Comment by dane-pgp
3 years ago
> Subjects of opposing cultural outlooks who were assigned to the same experimental condition (and thus had the same belief about the nature of the protest) disagreed sharply on key “facts” — including whether the protestors obstructed and threatened pedestrians.
That's scary, but it's potentially really helpful in understanding the connections between language and belief.
I know there's some controversy about the validity of the so-called Sapir–Whorf hypothesis, but the idea that language and perception affect political culture was well understood by George Orwell, and I'm not surprised if the idea intersects well with the "ultimate attribution error" phenomenon from social psychology.
I think the problem with the Sapir-Whorf hypothesis (aside from being poorly named) is that it seems to posit that the lack of a word for a thing, prevents you from perceiving that thing (as for example not having fifty words for snow means you cannot perceive different kinds of snow). This is pretty clearly incorrect, since it is the very lack of a word for a thing that you perceive (and want to talk about) that leads us to invent new words (or repurpose old ones). Thus, English-speaking skiers come up with a new use of the term "powder" to refer to a particular kind of snow, once they have a reason to care about it and want to discuss it with one another.
The more general idea that language and perception affect political culture is not as controversial, although the degree to which the tail wags the dog or vice versa is still debated.
I thought the Sapir-Whorf hypothesis only predicted that the difficulty in understanding certain things would be language dependent, not that it would be impossible per se. To make an apt analogy, some languages force you to declare a whole bunch of factory methods and boilerplate bloat before you can express a program that prints "hello world", others simply let you write print("hello world").
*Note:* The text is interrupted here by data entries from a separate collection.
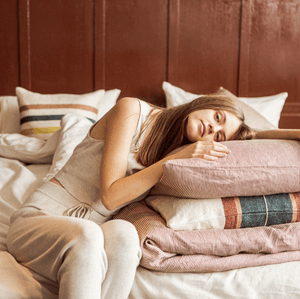 Putetrekk fra Libeco av 100 % lin som er vasket myk, 65 x 65 cm stort. Fine, vevde striper som kan brukes både som base og akksent, både i sofa og seng. Vaskes på 40°C, innleggspute følger ikke med, men det har vi også.
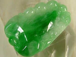 サイズ:34×22×厚6mm 重さ:8.6g ●緑色が綺麗なミャンマー翡翠。縁起柄の如意が彫り込まれています。上部に貫通穴が有ります。ペンダントトップや下げ飾り等に。
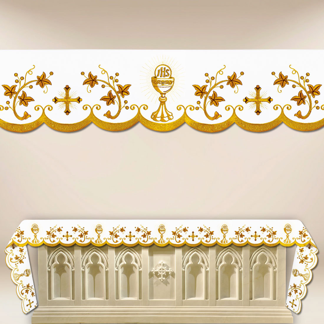 Obrus liturgiczny „Złota Seria Kielich” wykonany z wysokiej jakości, plamoodpornej tkaniny poliestrowej (100%).
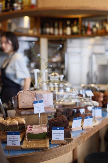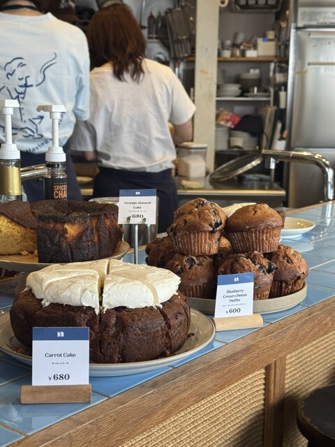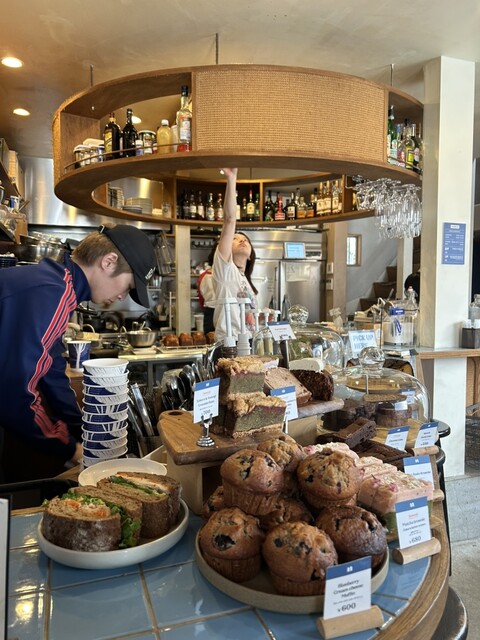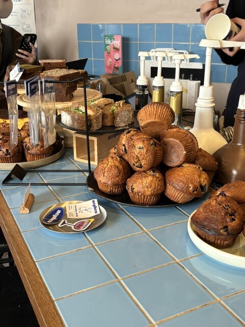 ショーケースに並ぶマフィンや焼き菓子は、見た目からしておいしそうで選...

The strong version basically says that a person's worldview is just about completely determined by language.
This was pretty much tossed in the trash bin, partly due to an interesting study into how a language's lexical entries for colors influences perceptions on color closeness and categorization.
Instead of the strong version there's a reasonable consensus that language influenced things but does not wholely determine them.
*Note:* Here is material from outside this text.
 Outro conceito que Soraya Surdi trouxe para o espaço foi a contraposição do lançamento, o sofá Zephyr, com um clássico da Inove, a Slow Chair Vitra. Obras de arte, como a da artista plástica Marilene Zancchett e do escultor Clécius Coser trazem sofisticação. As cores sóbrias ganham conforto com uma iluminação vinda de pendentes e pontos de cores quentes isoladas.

An interesting example is that speakers of tonal languages are more likely to exhibit perfect pitch.
Source: my increasingly hazy recollections from a post-graduate comp ling program.
It's a bit tricky to say what the "Sapir-Whorf hypothesis" predicts, since apparently neither Sapir nor Whorf exactly formulated a clearly stated hypothesis on this topic. This means people write about "strong" or "weak" versions of it.
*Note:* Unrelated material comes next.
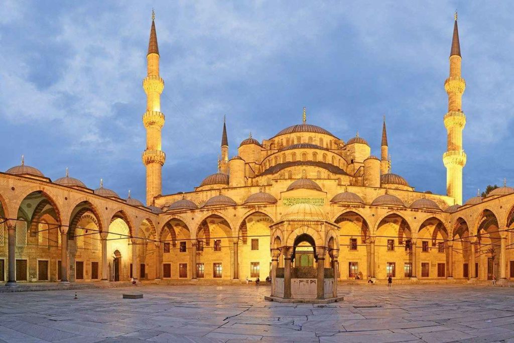 아야 소피아를 지나면 아야 소피아 맞은편에 위치한 블루 모스크로 향합니다. 푸른색 이즈닉 타일과 독특한 여섯 개의 첨탑으로 유명한 이 모스크는 술탄 아흐메트를 기리기 위해 지어졌습니다.
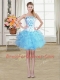 Hot Sale Three Piece Sleeveless Floor Length Beading and Appliques and Ruffles Lace Up 15th Birthday Dress with Light Blue

I think, to use your analogy, any language that lets you write new libraries which can be imported, will tend to become pretty decent at anything which people programming in that language do a lot. Whatever problems there are in the language itself, tend to become ameliorated (though probably not entirely eliminated) by focused work, for example spinning up a neural net or scraping a website gets much easier once a lot of people have done it in your language of choice, and they have released a library that they use to do it.
So, a language may not be good for speaking about a topic which the speakers of that language don't have much experience with, but if they come to have much experience with it, the language will quickly evolve to get better at it.
Also, I think if you put these two lists together, there are probably 70 English words for snow.
https://poetry-contingency.uwaterloo.ca/fifty-five-english-w...
https://www.farmersalmanac.com/how-many-words-snow-16650
The authors also give the paper some motivation at the outset by referring to a dispute between Supreme Court justices about what should be obvious to a viewer of a video of a protest. One justice said that the video depicted protected speech activity, while another said that it didn't.